All Apps and Add-ons

TA-mailclient handling foreign characters

LIUJIEER
Explorer

This TA worked fine with emails in English. However, it does not work for foreign characters such as Chinese, Japanese. I received this debugging message as shown below and it stopped indexing once there is a email with foreign characters in the inbox, unless i annually remove it.

ERROR ExecProcessor - message from "python /apps/splunk/etc/apps/TA-mailclient/bin/mail.py" ERRORunknown encoding: iso-2022-jp

Is there any way i can index emails with foreign characters with this TA. Alternatively, can i just drop those emails with any foreign characters?

Thank you

Tags (2)

seunomosowon
Communicator

Please test 1.3.6dev. It should no longer remove the mails. I'll also check the headers.

Cheers,
Seun

0 Karma

alexstackharbor
New Member

Hi Seun,

I tested 1.3.6dev and 1.3.5dev quickly but I noticed that right away I started seeing the error 'Mail found with unexpected codec - '.

This is happening for mails that were previously being indexed properly also, so I have reverted to 1.3.5 for now which is working properly.

I would like to thank you again for all your efforts, these improvements make life easier for us as admins.

I was busy for a bit during the holidays but tomorrow we are back in the office and I can help you test future builds as they become ready.

Best Regards!

0 Karma

seunomosowon
Communicator

Thanks. I’ll try update it over the weekend again and test with a few samples.

0 Karma

seunomosowon
Communicator

Alright, I'll make some changes tomorrow and do some tests. I'll add a comment on here once I have a way to fix it.

0 Karma

seunomosowon
Communicator

Hi Again,

That encoding is not supported in the python included with Splunk. Splunk enterprise packages a small subset of the entire python libraries. Not sure how the missing libraries can be added to Splunk, but probably best to leave that for now.

For now, I edited the code to try to make it read it as ascii and escape characters greater than 127.

Please try version 1.3.5 of the app, and let me know how it goes. Still needs a bit of testing, but I've made it available for now, so you can try it out.

Cheers,
Seun

alexstackharbor
New Member

Hi Seun,

We will try it out too and let you know how it goes.

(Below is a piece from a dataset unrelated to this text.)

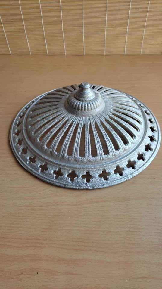 Predám starý liatinový kryt – vetraciu ružicu na kachľovú pec, veľkosť 34 (Ø 34 cm). Masívny odliatok s ozdobnými štvorlístkami a radiálnymi štrbinami, originál zo starej pece, bez prasklín, pevný a zachovalý. Vhodný na opravu, doplnenie alebo ako dekorácia. Osobný odber alebo pošlem poštou. Cena: 60 €.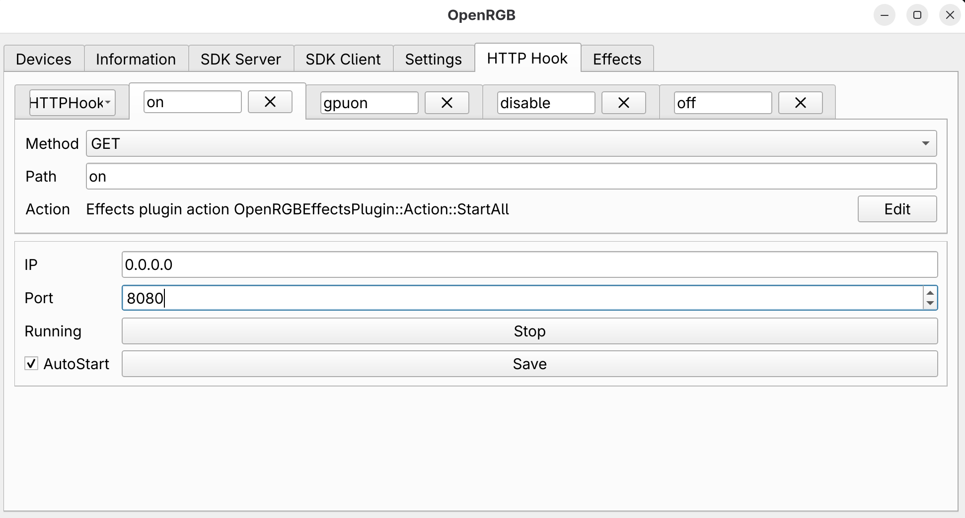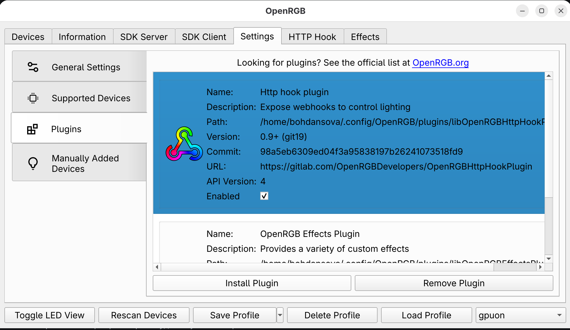 Openrgb HTTP-HOOK Plugin (UPD) Разное • 8 окт. 2024 г. Самое простое решение для поднятия веб-сервера с поддержкой управления эффектамиGitlab страница проектаВ подключаемых модулях добавляем наш модуль для хука В настройках самого модуля создаем необходимые точки которые будем прозванивать и настраиваем сервер который будет слушать запросы Рекомендуем Новости ORICO представила свой "Mac mini Pro" месяц назад • 1 минута на чтение Новости Баг диспетчера задач KB5067036 Windows 11 месяц назад • 1 минута на чтение Новости Super Resolution Youtube месяц назад • 1 минута на чтение

Thank you for your efforts.

0 Karma

LIUJIEER
Explorer

Hi Seun,

I just tried v1.3.5 with 2 test cases.

Test Case 1: Email with Chinese characters in the content.
Mail parsed through successfully

Test Case 2: Email with Chinese characters in the subject.
Mail failed to be parsed

Perhaps, you could modify the code to handle the first case as well.

Thank you for the help!

0 Karma

alexstackharbor
New Member

Hi seunomosowon,

We are having a very similar issue relating to the indexing of emails generated by WHM/cPanel servers, thank you for addressing this and we are looking forward to the update!

0 Karma

ddrillic
Ultra Champion

Interesting comment at ISO/IEC 2022

-- Although ISO/IEC 2022 character sets using control sequences are still in common use, particularly ISO-2022-JP, most modern e-mail applications are converting to use the simpler Unicode transforms such as UTF-8.

0 Karma

LIUJIEER
Explorer

I noticed that in props.conf:
CHARSET=AUTO

Why the above setting isn't enough to recognize foreign characters while parsing the mails in?

0 Karma

seunomosowon
Communicator

I'll update it in a week to catch the exception and ignore the types of mails for now. It looks more like it failed because your system or splunk's python doesn't have support for this particular encoding. converts others to UTF8.

Cheers

0 Karma

xmertens
New Member

Today, my Splunk did not process the configured mailbox for a few hours... After some investigations, I detected the same issue:

02-12-2018 17:40:13.739 +0100 ERROR ExecProcessor - message from "python /opt/splunk/etc/apps/TA-mailclient/bin/mail.py" ERRORunknown encoding: windows-874

The blocked email contained indeed a MIME part with this encoding...

/x

0 Karma

Anam
Community Manager
Community Manager

Hi xmertens

If none of the answers here worked for you, please post this as a new question. Since this question was posted ~2 months ago, you won't get as much exposure and better help in answering your problem.

Thanks

0 Karma

seunomosowon
Communicator

I’ll look into it next week, sure.
Thanks.

0 Karma

LIUJIEER
Explorer

Hi Seunomosowon,

Hi Seun,

I just tried v1.3.6dev with 2 test cases.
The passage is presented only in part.